═══ Given material ═══

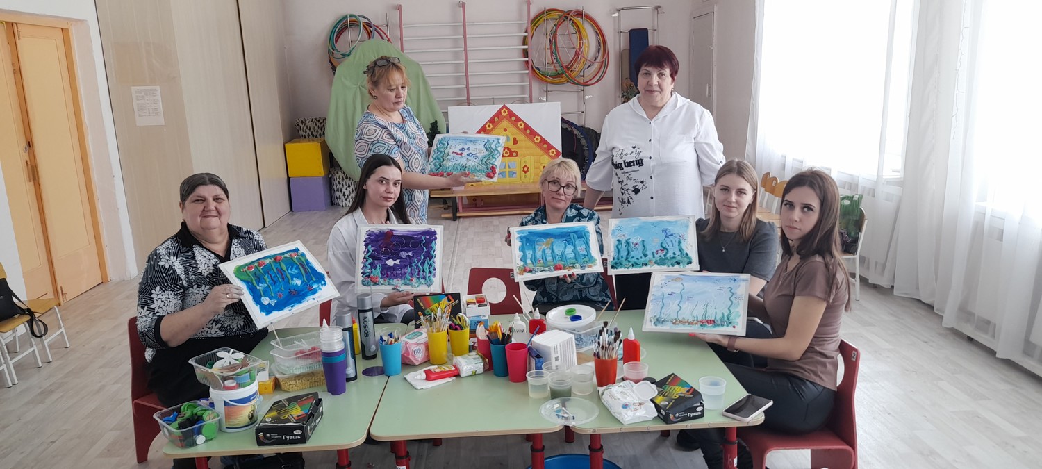 29 марта 2023 года на базе детского сада №7 под руководством старшего воспитателя Иваньковой Екатерины Викторовны проведено занятие Школы молодого педагога по теме «Изобразительная деятельность - Нетрадиционные техники рисования».
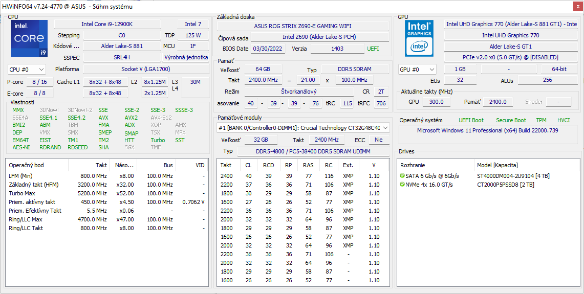 Testy sme realizovali na zostave so základnou doskou ASUS ROG STRIX Z690-E GAMING WIFI a čipovej súprave Intel Z690 (Alder Lake-S PCH). Po niektorých testoch sme inštalovali grafickú kartu NVIDIA RTX 3080 zo série ASUS STRIX.
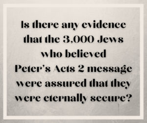 So, the question is whether Peter’s Jewish hearers that day believed that Jesus is the Christ, the Messiah (cf. John 11:27; 20:31; 1 John 5:1). They clearly did. Peter was persuading the crowd that Jesus of Nazareth was not a false Messiah, but indeed was the long-promised Messiah. After citing Ps 110:1, a Messianic verse in a Messianic Psalm, Peter said, “Therefore let all the house of Israel know assuredly that God has made this Jesus, whom you crucified, both Lord and Christ” (Acts 2:37). Notice the words know assuredly.

═══

## Problem details
Every line in the data above needs to be given again exactly, pictures aside.

## The completed task
 29 марта 2023 года на базе детского сада №7 под руководством старшего воспитателя Иваньковой Екатерины Викторовны проведено занятие Школы молодого педагога по теме «Изобразительная деятельность - Нетрадиционные техники рисования».
 Testy sme realizovali na zostave so základnou doskou ASUS ROG STRIX Z690-E GAMING WIFI a čipovej súprave Intel Z690 (Alder Lake-S PCH). Po niektorých testoch sme inštalovali grafickú kartu NVIDIA RTX 3080 zo série ASUS STRIX.
 So, the question is whether Peter’s Jewish hearers that day believed that Jesus is the Christ, the Messiah (cf. John 11:27; 20:31; 1 John 5:1). They clearly did. Peter was persuading the crowd that Jesus of Nazareth was not a false Messiah, but indeed was the long-promised Messiah. After citing Ps 110:1, a Messianic verse in a Messianic Psalm, Peter said, “Therefore let all the house of Israel know assuredly that God has made this Jesus, whom you crucified, both Lord and Christ” (Acts 2:37). Notice the words know assuredly.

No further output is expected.